Again, I am absolutely not saying that sexual selection is wrong. I am merely saying that there is very little to prove that a statement like "Alpha male cavemen were more successful hunters and acquirers of women than their geeky counterparts" is in any way true. There are simply so many BS theories about selection, especially as it relates to gender roles, that I'm not inclined to believe any of them without a whole lot of proof. That means literature reviews and textbooks, not internet links or newspaper articles. Just because a narrative sounds plausible doesn't mean it's true.
 
By way of example, it's entirely possible that confident men have more sex not because women are attracted to confidence, but because confident men have the confidence to talk to and ask out more women. Is that not just as plausible as the "evolutionary" hypothesis? If this non-evolutionary hypothesis is correct, then it would predict that other traits that cause men to talk to women and ask them out more often will lead to those men having more sex/sexual partners. If you do the field work, you might find that a lot of traits associated with "arsehole-ish" behaviour will also cause those men to talk to more women and therefore having more sex.

Is there any proof that the "fact" (call it a fact for the sake of argument) that arseholes have more sex is due to the preferences of women, rather than due to behaviours associated with being an arsehole?
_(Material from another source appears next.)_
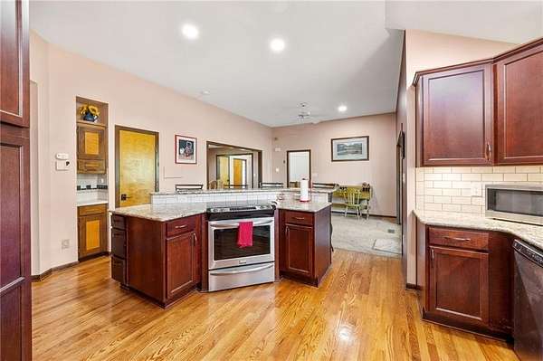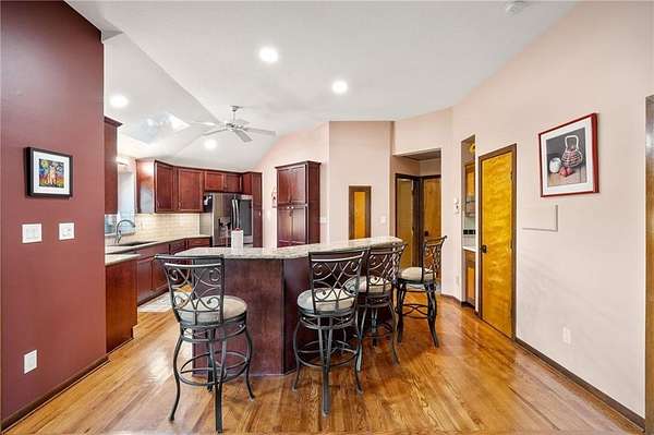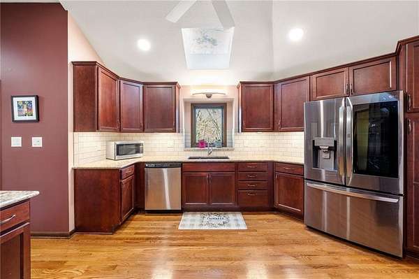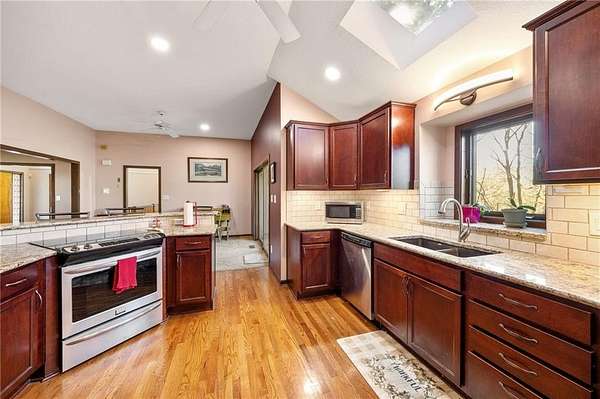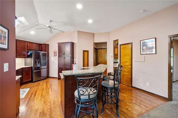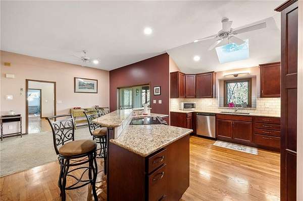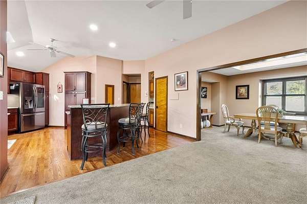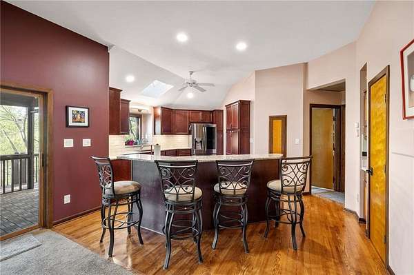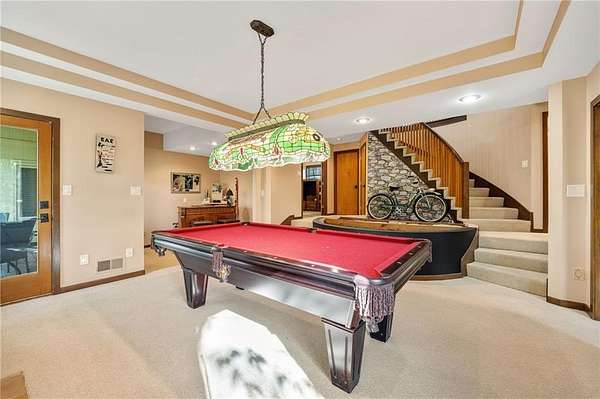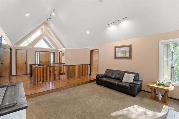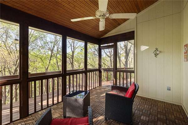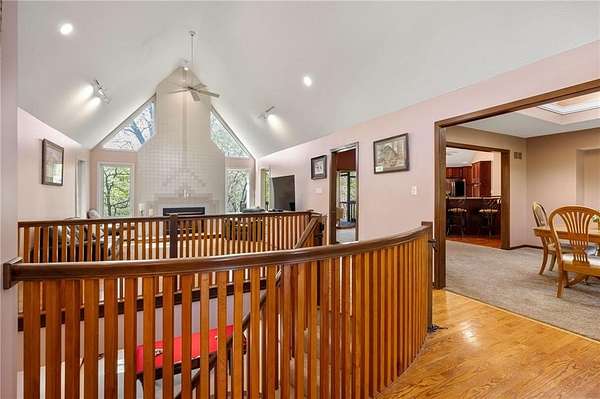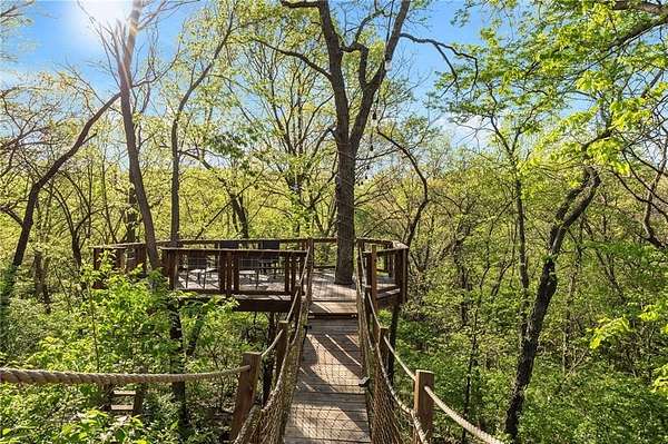 If you're searching for a truly exceptional home, 7206 Larson is it. Tucked quietly at the end of a small horseshoe street in a quiet neighborhood, this custom-built 1.5 story reverse ranch offers unmatched seclusion and character. Built in 1992 and perfectly maintained, this rare opportunity sits on a beautifully wooded 1.6-acre lot that feels like your own private nature sanctuary. With 4 bedrooms, 3 full baths, and 2 half baths, there's plenty of space to entertain and unwind. The open flow connects the living area, dining room, and kitchen while vaulted ceilings and large windows showcase sweeping views of the park-like backyard. Step outside to enjoy two decks overlooking mature trees and wildlife - deer, turkey, and birds are frequent guests. A custom treehouse, completed in 2022, adds even more charm and a sense of retreat. The primary suite on the main level features a remarkable en-suite bath designed for two, with dual vanities, dual water closets, separate walk-in closets, and a shared jetted tub and walk-in shower connecting the spaces. Down the curved staircase, discover a lower level built to impress - an indoor atrium with turf and stone accents opens into a spacious family room with a gas fireplace and three additional bedrooms surrounded by private wooded views. Ample storage and thoughtful design make every corner functional and inviting. Recent updates include a new Air Conditioning unit (2025), tankless water heater, water softener, toilets, faucets (2021), kitchen upgrades (2018), and garage resealing (2020). This home stands as one of the most unique and well-kept properties in the area. Also to note the property is in close proximity to the Rock Island Trail. Rarely does a home blend craftsmanship, privacy, and location like this. Schedule your private showing today before this extraordinary home is gone.

EDIT: Actually, come to think of it, are we talking about frequency of sex or number of different sexual partners? You would expect an arsehole to have lots of sexual partners, i.e. to not be as monogamous, because, well, he's an arsehole. So if you measure it by the number of sexual partners, you will confirm that "women like arseholes". But people in monogamous relationships probably have sex more frequently than singletons, so if you measure it by the latter, you might find that "women like nice guys" who settle down in relationships and treat them well. Of course, the reason I put the "conclusions" in scare quotes is because it proves neither thing about what women like: it merely tells you about the behaviour of the men.
 
How are you determining how much sex these people have?
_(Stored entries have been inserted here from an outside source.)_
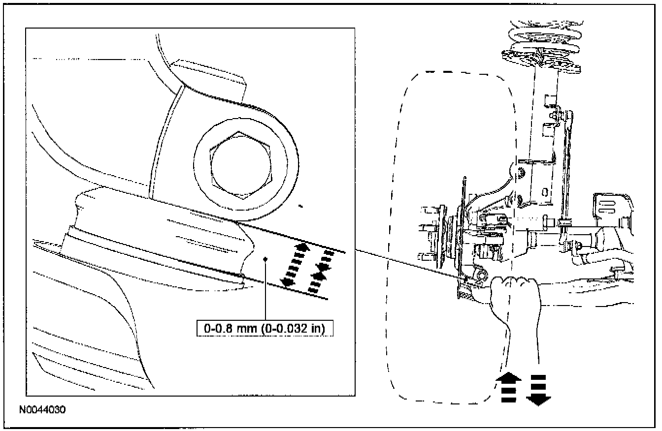 4. CAUTION: Do not use any tools or equipment to move the wheel and tire assembly or suspension components while checking for relative movement. Suspension damage can occur. The use of tools or equipment will also create relative movement that may not exist when using hand force. Relative movement must be measured using hand force only.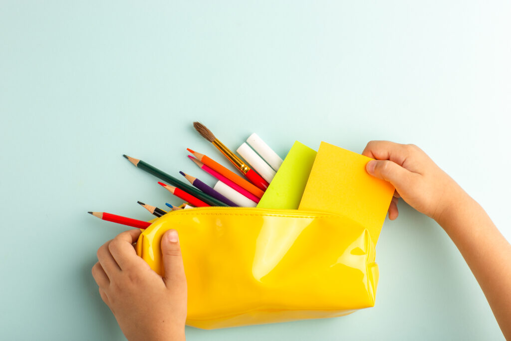 top view little kid holding yellow pen box full of colorful pencils on ice-blue background school kid lessons color photo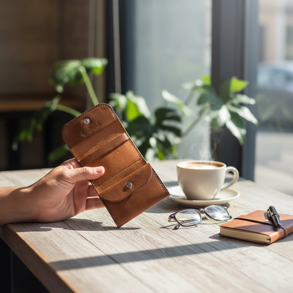 国産たつのレザーを使用した高級感あふれるミニ財布です。

So confidence could just be related to how much fantasy people report? If it's all self-reporting.
 
good stuff

Oh for sure. I guess that was at least one of the point I was trying to make with what skills are considered "alpha" changing with age. That's probably socialization more than anything. Sexual evolutionary theories are more likely to be correct when analyzing anatomical traits that don't seem to have any direct correlation to survivability. Such as why human testicles are significantly larger proportionally to our closest animal relatives - hence the sperm competition theories.
 
I suppose its obvious that you can always have sex w someone and NOT intend to become their mate.